> [TASK]
Please set down, unchanged, each line from the one with "トレパク疑惑が浮上している江" to the final line of the data below, both included. Drop the pictures.

> [SUPPLIED MATERIAL]
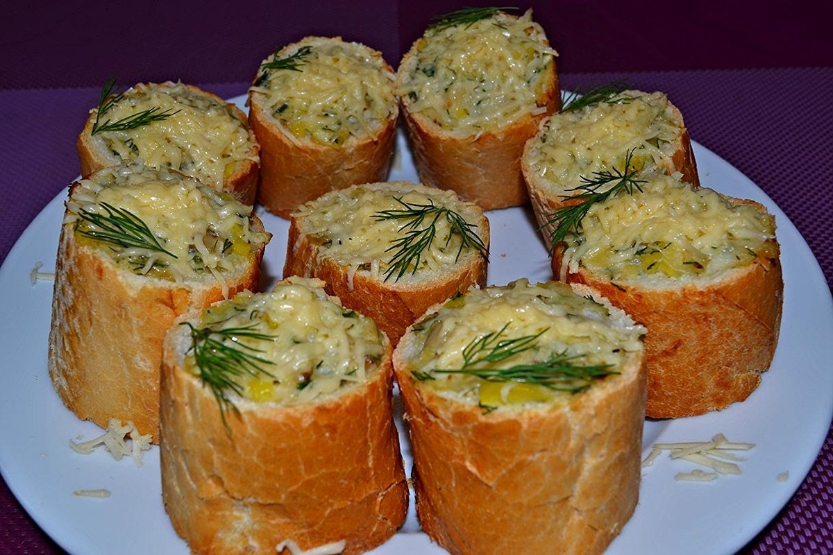 Багет 1 шт, колбаса вареная 100 гр, брынза 100 гр, перец болгарский 1 шт, яйцо 1 шт, помидор 1 шт, зелень. Багет нарезать на кусочки и вынуть мякоть. Начинка: нарезать небольшими кусочками колбасу, брынзу, перец и помидор. Вбить туда яйцо и перемешать. Заполнить начинкой подготовленные кусочки багета внутри. Верх присыпать тёртым сыром и запечь в духовке . Получаются хрустящие стаканчики!
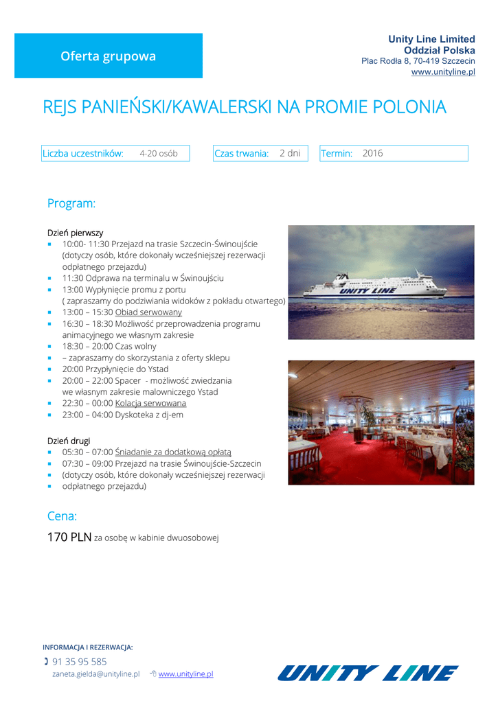 Unity Line Limited Oddział Polska Oferta grupowa Plac Rodła 8, 70-419 Szczecin www.unityline.pl REJS PANIEŃSKI/KAWALERSKI NA PROMIE POLONIA Liczba uczestników: 4-20 osób Czas trwania: 2 dni Program: Dzień pierwszy 10:00- 11:30 Przejazd na trasie Szczecin-Świnoujście (dotyczy osób, które dokonały wcześniejszej rezerwacji odpłatnego przejazdu) 11:30 Odprawa na terminalu w Świnoujściu 13:00 Wypłynięcie promu z portu ( zapraszamy do podziwiania widoków z pokładu otwartego) 13:00 – 15:30 Obiad serwowany 16:30 – 18:30 Możliwość przeprowadzenia programu animacyjnego we własnym zakresie 18:30 – 20:00 Czas wolny – zapraszamy do skorzystania z oferty sklepu 20:00 Przypłynięcie do Ystad 20:00 – 22:00 Spacer - możliwość zwiedzania we własnym zakresie malowniczego Ystad 22:30 – 00:00 Kolacja serwowana 23:00 – 04:00 Dyskoteka z dj-em Dzień drugi 05:30 – 07:00 Śniadanie za dodatkową opłatą 07:30 – 09:00 Przejazd na trasie Świnoujście-Szczecin (dotyczy osób, które dokonały wcześniejszej rezerwacji odpłatnego przejazdu) Cena: 170 PLN za osobę w kabinie dwuosobowej INFORMACJA I REZERWACJA: 91 35 95 585 [email protected] www.unityline.pl Termin: 2016 Oferta grupowa Unity Line Limited Oddział Polska Plac Rodła 8, 70-419 Szczecin www.unityline.pl Świadczenia zawarte w cenie: Przejazd promem Miejsce w kabinie podczas całego rejsu Kolacja (serwowana) Obiad (serwowany) Dyskoteka na promie Opłata paliwowa Uwagi Oferta ważna dla min. 4 osób max. 20 osób Koszt dodatkowy za śniadanie 34 pln Koszt dodatkowy za transport 36 pln Koszt dodatkowy za open bar w nocy 78 pln Oferta po zakupie nie podlega zwrotowi Do zobaczenia na pokładzie! INFORMACJA I REZERWACJA: 91 35 95 585 [email protected] www.unityline.pl
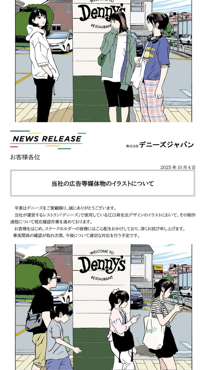 トレパク疑惑が浮上している江口寿史さんの作品、次はデニーズの広告イラストも調査中に…
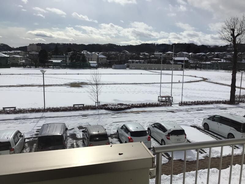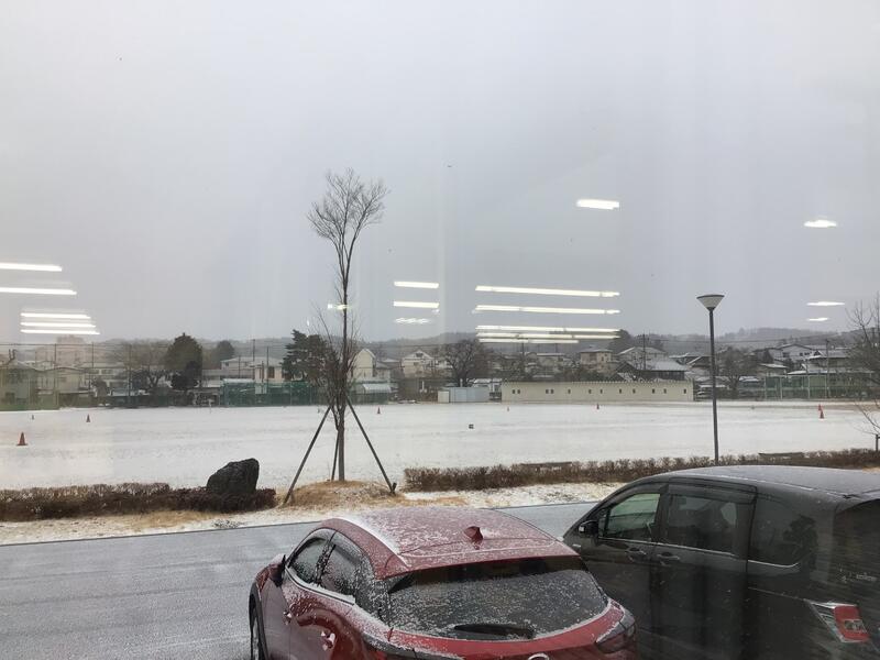 昨日の寒波で、校庭がこのような状態になってしまいました。すでに雪が溶けている部分もありますが、帰りの時間には凍りついて危険な状態になりそうです。怪我や事故のないように気をつけるよう話をしました。
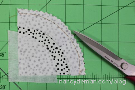 Stitch circle to Dresden Plate with a straight stitch, blind hem stitch, or decorative stitch.
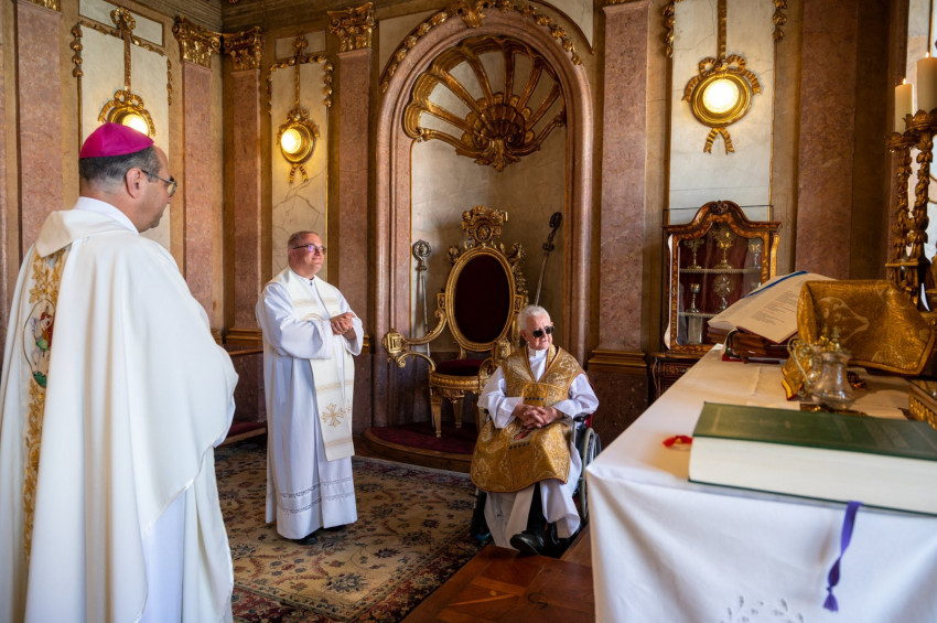 A jubiláns atyát Székely János megyéspüspök köszöntötte, megköszönve hűségét, áldozatkész szolgálatát.

> [ANSWER]
 トレパク疑惑が浮上している江口寿史さんの作品、次はデニーズの広告イラストも調査中に…
 昨日の寒波で、校庭がこのような状態になってしまいました。すでに雪が溶けている部分もありますが、帰りの時間には凍りついて危険な状態になりそうです。怪我や事故のないように気をつけるよう話をしました。
 Stitch circle to Dresden Plate with a straight stitch, blind hem stitch, or decorative stitch.
 A jubiláns atyát Székely János megyéspüspök köszöntötte, megköszönve hűségét, áldozatkész szolgálatát.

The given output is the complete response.